Walt Disney Presents: Annette is a television serial that ran on The Mickey Mouse Club during the show's third season (1957–1958). It starred Annette Funicello as Annette McCleod ( ), a poor, orphaned country girl who moves into town with her upper-class Uncle Archie and Aunt Lila. The serial also starred Richard Deacon as Archie McCleod, Sylvia Field as Archie's sister Lila McCleod, Mary Wickes as Katie the housekeeper and prolific Disney child stars Tim Considine, David Stollery and Roberta Shore as Annette's friends. The story was adapted by Lillie Hayward (who also worked on Spin and Marty) from the book Margaret by Janette Sebring Lowrey.

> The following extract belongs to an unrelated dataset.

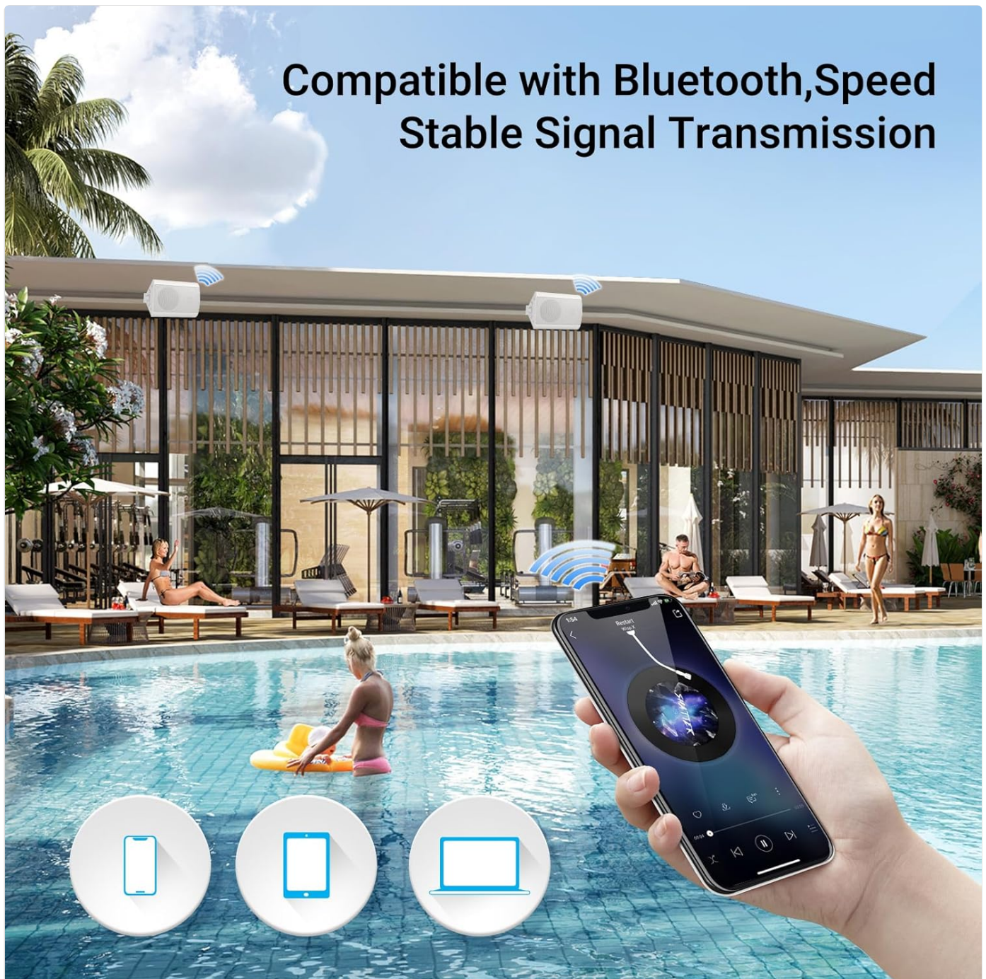
Figure 5.1: Bluetooth Compatibility. This image shows the speakers connected wirelessly to a smartphone, tablet, and laptop, highlighting their broad Bluetooth compatibility.

Annette was released to DVD in 2008 as part of the Walt Disney Treasures series.

Plot
The story is about a recently orphaned country girl, Annette, who moves in with her sophisticated aunt and uncle who live in the city. Most of the plot has to do with her experiences in her new high school trying to fit in with all the new kids she meets in her new community.

However, Laura, the jealous teen, wrongfully accuses Annette of stealing a necklace following a party at her place. Little did she know that the necklace accidentally fell into the piano she played on. Laura and Annette become friends after the misunderstanding.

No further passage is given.